Information shown =
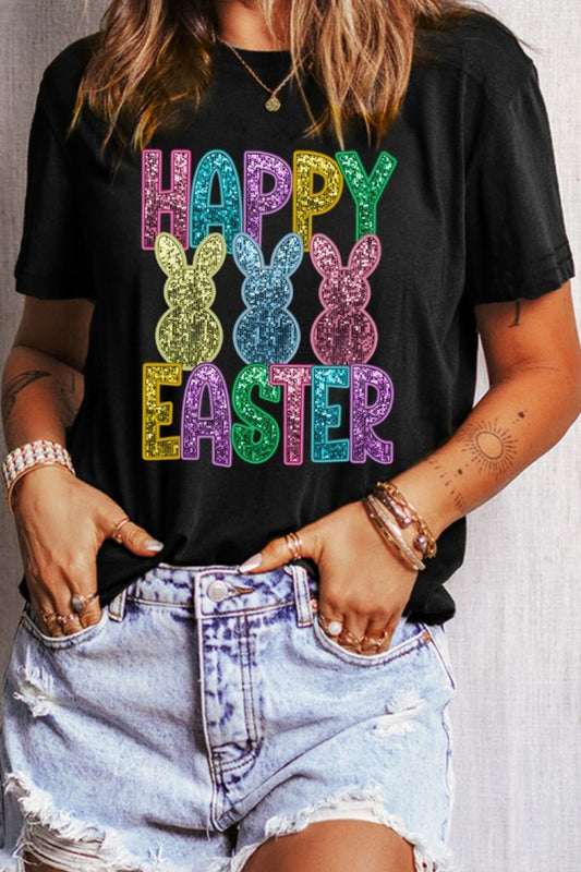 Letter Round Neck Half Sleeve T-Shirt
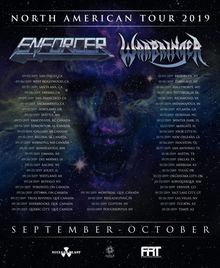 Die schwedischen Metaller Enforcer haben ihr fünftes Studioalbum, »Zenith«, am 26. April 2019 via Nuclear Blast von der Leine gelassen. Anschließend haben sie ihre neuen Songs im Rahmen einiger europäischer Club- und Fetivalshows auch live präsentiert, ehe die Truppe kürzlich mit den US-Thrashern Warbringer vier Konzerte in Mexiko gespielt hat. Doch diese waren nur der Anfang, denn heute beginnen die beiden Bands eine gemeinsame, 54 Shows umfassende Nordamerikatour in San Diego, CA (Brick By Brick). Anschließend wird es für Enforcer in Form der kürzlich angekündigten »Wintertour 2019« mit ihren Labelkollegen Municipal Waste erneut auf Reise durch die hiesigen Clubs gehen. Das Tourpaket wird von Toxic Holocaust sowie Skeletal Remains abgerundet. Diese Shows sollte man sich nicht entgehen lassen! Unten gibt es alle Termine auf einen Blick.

==

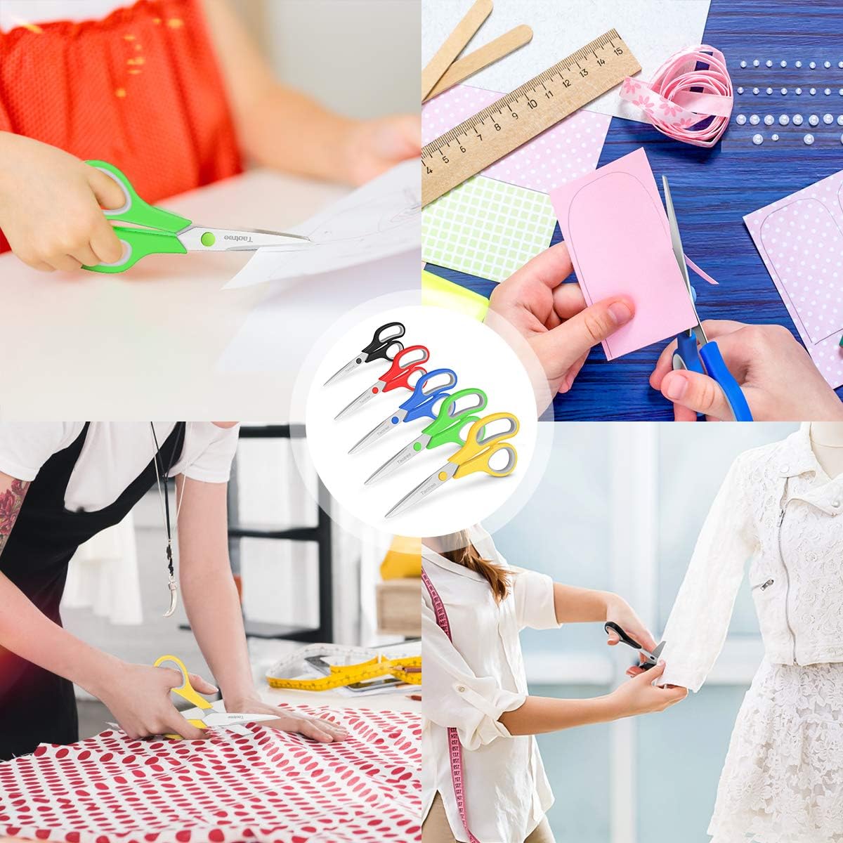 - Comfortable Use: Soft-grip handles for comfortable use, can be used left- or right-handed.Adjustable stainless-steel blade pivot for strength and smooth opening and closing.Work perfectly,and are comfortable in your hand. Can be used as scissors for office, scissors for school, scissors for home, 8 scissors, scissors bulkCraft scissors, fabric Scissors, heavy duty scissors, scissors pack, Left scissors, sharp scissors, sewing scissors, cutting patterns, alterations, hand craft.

Assignment = The lines to copy exactly start with the line above that has "Letter Round Neck Half Sleeve T-Shirt" and go on through the line that has "Die schwedischen Metaller"; please include both, add nothing else, and omit the pictures.

Finished exercise =
 Letter Round Neck Half Sleeve T-Shirt
 Die schwedischen Metaller Enforcer haben ihr fünftes Studioalbum, »Zenith«, am 26. April 2019 via Nuclear Blast von der Leine gelassen. Anschließend haben sie ihre neuen Songs im Rahmen einiger europäischer Club- und Fetivalshows auch live präsentiert, ehe die Truppe kürzlich mit den US-Thrashern Warbringer vier Konzerte in Mexiko gespielt hat. Doch diese waren nur der Anfang, denn heute beginnen die beiden Bands eine gemeinsame, 54 Shows umfassende Nordamerikatour in San Diego, CA (Brick By Brick). Anschließend wird es für Enforcer in Form der kürzlich angekündigten »Wintertour 2019« mit ihren Labelkollegen Municipal Waste erneut auf Reise durch die hiesigen Clubs gehen. Das Tourpaket wird von Toxic Holocaust sowie Skeletal Remains abgerundet. Diese Shows sollte man sich nicht entgehen lassen! Unten gibt es alle Termine auf einen Blick.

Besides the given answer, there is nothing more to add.